Shih Tzu Colors and Markings

Coat With Many Colors
well-groomed dog siting on a table at a dog show


Explore the various combinations of Shih Tzu colors and markings with longtime Shih Tzu breeder Wendy Paquette.


Let’s compare Shih Tzu Breed Standards from around the World:
  • AKC – “All are permissible and to be considered equally.
  • CKC – “All colors are acceptable providing they have black noses, lips and eye rims. The exceptions are the livers and blues which have pigmentation that compliments that particular color.” There is a DQ for “one or two blue eyes.
  • FCI – “All colors permissible, white blaze on forehead and white tip to tail highly desirable in parti colors.
  • UK – “All colours except merle permissible, white blaze on forehead and white tip to tail highly desirable in parti-colours.


Basically, the four Standards say the same thing: All colors are to be treated equally… but are they?

I have dabbled in solid colors over the past 50 years of breeding. However, I’ve always found it very frustrating that solid-colored Shih Tzu (or those with dark faces) are often overlooked. Why is that?

They are the same breed and should be judged accordingly on structure, like all the parti-colors. Too often they are at the back of the line as judges (and, sometimes, of course, breeders) are not fans of the solid colors. The solid-colored dogs, however, may be the breeder / owner’s preference. So, when judging breeding stock, they should be given equal consideration.
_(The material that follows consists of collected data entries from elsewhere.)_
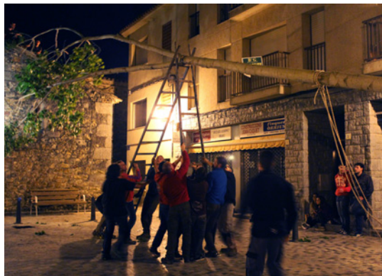
Els participants uneixen forces per plantar el Maig.

En resum, tot i que formalment el Maig a Òrrius es pot equiparar a altres festes en què es manifesta la identitat d'un poble, com és la Festa Major, a Òrrius el que la distingeix encara més és la força que expressa, la qual defineix la seva singularitat.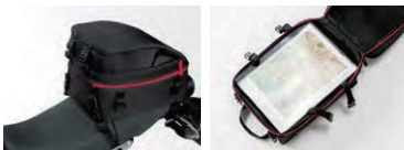
容量可変 最大使用時 前部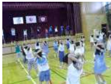
さわやかストレッチをみんなで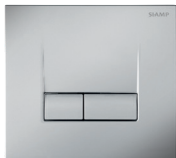
100% Aspect chromé mat clair Réf. : 31 1872 60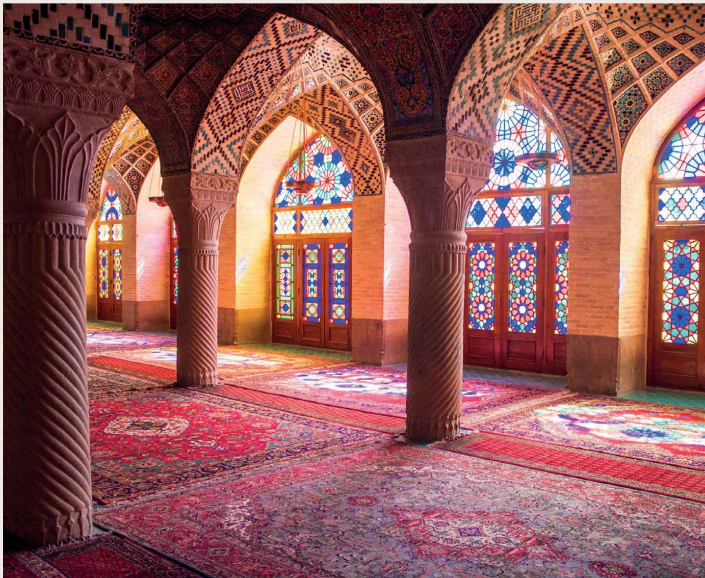
Moschea di Nasir al-Mulk, Shiraz

Un itinerario approfondito in una terra che accompagna la storia dell'umanità dai suoi albori e che custodisce tesori artistici e culturali di straordinaria bellezza.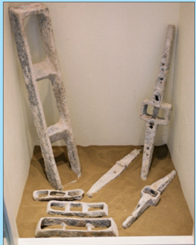
3. Μολύβδινοι στύποι και σύνδεσμοι αγκυρών (κάτω φωτογραφία) και αναπαράσταση αγκυρών (επάνω φωτογραφία).

κιλία μορφών και μεγεθών, αφού αποτελούσαν το κυριότερο είδος δοχείου για μεταφορές. Η αντικατάστασή τους από το «βουτσίον», το ξύλινο βαρέλι, έγινε σταδιακά κατά τους τελευταίους αιώνες του Βυζαντίου.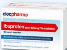
Ibuprofen 400 mg elac® 50 Filmtabletten € 6,95 PZN 19375754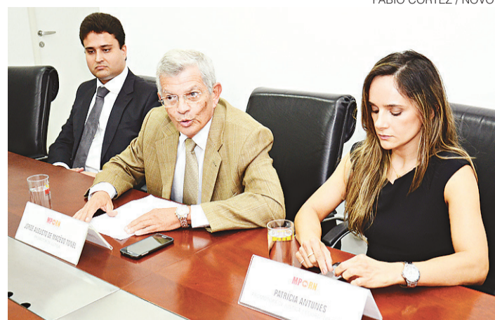
// MP representou contra policiais no início de outubro, após operação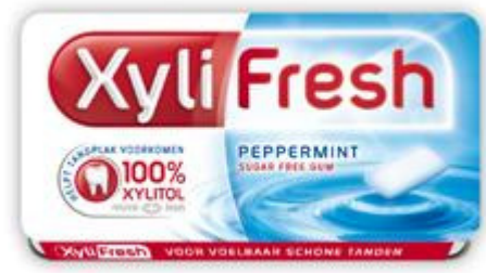
Kies suikervrije kauwgom

Verschillende medicijnen hebben als bijwerking dat de speekselklieren worden geremd in de afgifte van speeksel. Dit zijn vooral medicijnen die gebruikt worden bij de behandeling tegen hoge bloeddruk (antihypertensiva), hartritmestoornissen (digoxine, anti-aritmica) of medicijnen, zoals antidepressiva, slaap- en plasmiddelen. De medicijnen tasten de speekselklieren zelf meestal niet aan, maar remmen alleen de speekselafgifte. Speeksel heeft een smerende werking bij het spreken, kauwen en slikken. Met behulp van speeksel kunnen we makkelijker bewegen met onze wangen, tong en lippen. Met speeksel bevochtigen we ons voedsel zodanig dat we het pijnloos kunnen doorslikken. Ook bevochtigt speeksel het mondslijmvlies, waarmee uitdroging wordt voorkomen. Bovendien heeft het een reinigende werking op tanden, kiezen en het mondslijmvlies. Daarnaast remt speeksel de werking en de groei van bacteriën en schimmels in de mond, waardoor mondinfecties worden voorkomen. Als uw kind of cliënt onvoldoende speeksel heeft, vormt tandplak zich sneller dan normaal. Hierdoor ontstaan er sneller gaatjes. Dit gebeurt vooral wanneer uw kind of cliënt regelmatig suikerbevattend voedsel eet of drinkt. In een droge mond treden de vorming van tandplak en gaatjes vooral op langs de randen van het tandvlees. Hierdoor kan bovendien het tandvlees gaan ontsteken. Medicijngebruik kan ook andere gevolgen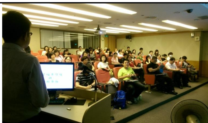
電子檔案保存實驗室技術服務專員辦理訓練上課情形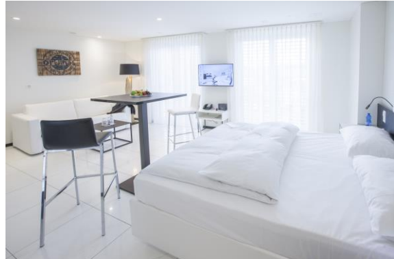
homeCOMFORT-STUDIO mit Kitchenette mit Nutzung Loftküche, 30 m2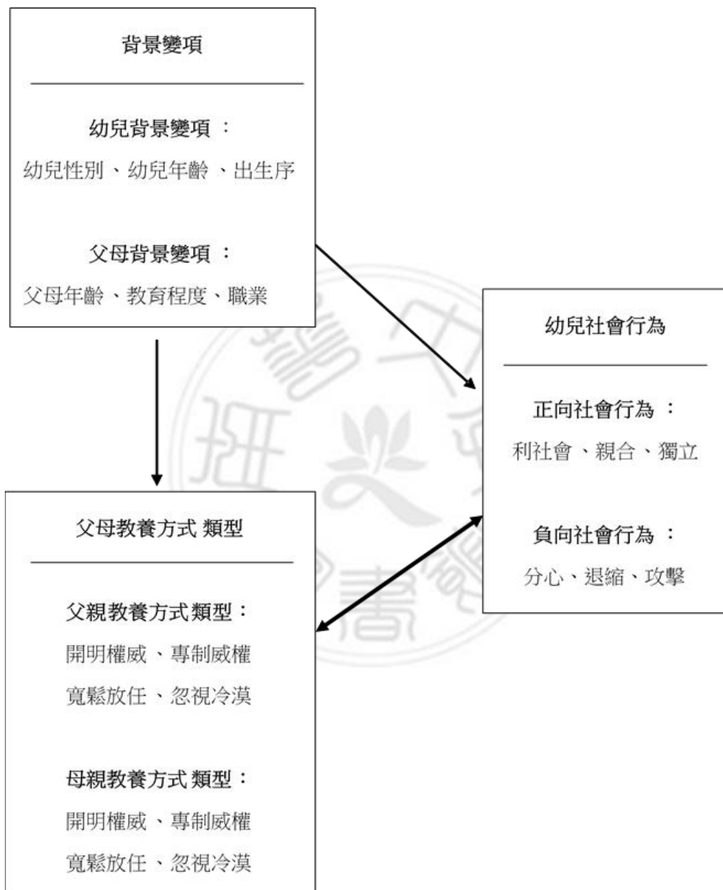
圖 3-1 研究架構圖

side-by-side image of 3 shih tzus

Regardless of color, please judge the dog as a whole entity; keeping in mind that “All colors are acceptable.”
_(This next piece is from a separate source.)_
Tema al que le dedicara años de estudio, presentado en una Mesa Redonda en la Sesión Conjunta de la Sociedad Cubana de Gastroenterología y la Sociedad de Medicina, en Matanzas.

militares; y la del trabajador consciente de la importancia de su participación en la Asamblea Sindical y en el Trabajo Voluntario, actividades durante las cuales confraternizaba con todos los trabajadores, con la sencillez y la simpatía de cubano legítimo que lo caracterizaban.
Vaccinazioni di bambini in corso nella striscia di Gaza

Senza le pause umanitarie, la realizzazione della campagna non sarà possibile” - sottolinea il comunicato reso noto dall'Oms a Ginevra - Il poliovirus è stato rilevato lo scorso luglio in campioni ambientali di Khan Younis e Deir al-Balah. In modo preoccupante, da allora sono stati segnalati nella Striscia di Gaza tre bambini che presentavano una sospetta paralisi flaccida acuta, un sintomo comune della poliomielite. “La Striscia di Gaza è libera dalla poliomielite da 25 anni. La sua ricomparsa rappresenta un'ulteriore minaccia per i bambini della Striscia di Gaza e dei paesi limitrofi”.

Yes, the majority of Shih Tzu breeders will only show you the parti colors with big white faces, white blaze, etc., all coming in a variety of colors. However, what is underneath the color/coat must also be given the same recognition.

More and more we are seeing a large variety of new Shih Tzu colors and markings. One of the biggest problems with the different registering clubs is that all of these new colors are not being identified properly! Therefore, when looking at pedigrees, it may say the dog is black and white when in reality it is a tri. Otherwise, a dog that is black with tan should be identified as black and tan markings.

Genetically, I believe that the majority of colors listed on pedigrees are wrong, given that they are now coming up with names such as sable, red with tan points, sable with tan points, chocolates, etc. Is a sable with tan points the same description given to a variety in other breeds? Some examples are German Shepherds and Pomeranians. None of these new colors are listed for registration purposes.

I am attaching a few of the different Shih Tzu color combinations here. Even though livers and blues are mentioned, one will rarely find them in the show ring, but you will see them most likely in puppy mill ads etc. However, having said this, they are not to be ruled out in the conformation ring as they are acceptable colors.




So, to summarize: Regardless of colors, please judge the Shih Tzu dog as a whole entity; keeping in mind that “All colors are acceptable.

  • Wendy has been involved in purebred dogs since 1971. She began her career breeding Shih Tzu, and along the way has owned and bred Samoyeds, Afghans, Salukis, Whippets, Brussels Griffon, Maltese, Pekingese, Lakeland Terriers and Wire Fox Terriers. She specializes in Shih Tzu and Lakeland Terriers as her main breeds and has produced over 250 Canadian Champions, 80 American Champions, 16 different Best In Show winners and 10 National Specialty winners. Wendy is a co-owner of Wenrick Kennels Incorporated. The Wenrick Shih Tzu breeding program is world-renowned. Wendy is also a retired professional dog handler. A profession she enjoyed for 15 years. During this time she finished over 500 champions in 80 different breeds and won 150+ All Breed Best in Shows with 16 different breeds. She also owned and piloted a Pekingese “Bingo”, Am Can Ch Rodari’s Aces High to the number 2 All Breeds in Canada in 1994. She has been honored with lifetime memberships in the Canadian Kennel Club, the Sudbury & District Kennel Club and the Canadian Shih Tzu Club. She was also awarded an Honorary Membership in the Canadian Professional Handlers Association. Wendy is a Canadian Kennel Club (CKC) Licensed All Breed Judge, a founding member of the Canadian Dog Judges Association (CDJA) and a member of the American Dog Judges Association (ADSJA). In addition to Canada and the USA, she has judged in Australia, New Zealand, Bermuda, Brazil, Colombia, Chile, Peru, Japan, Mexico, Taiwan, South Africa, Denmark, Italy, Finland, Norway, Sweden and Ireland.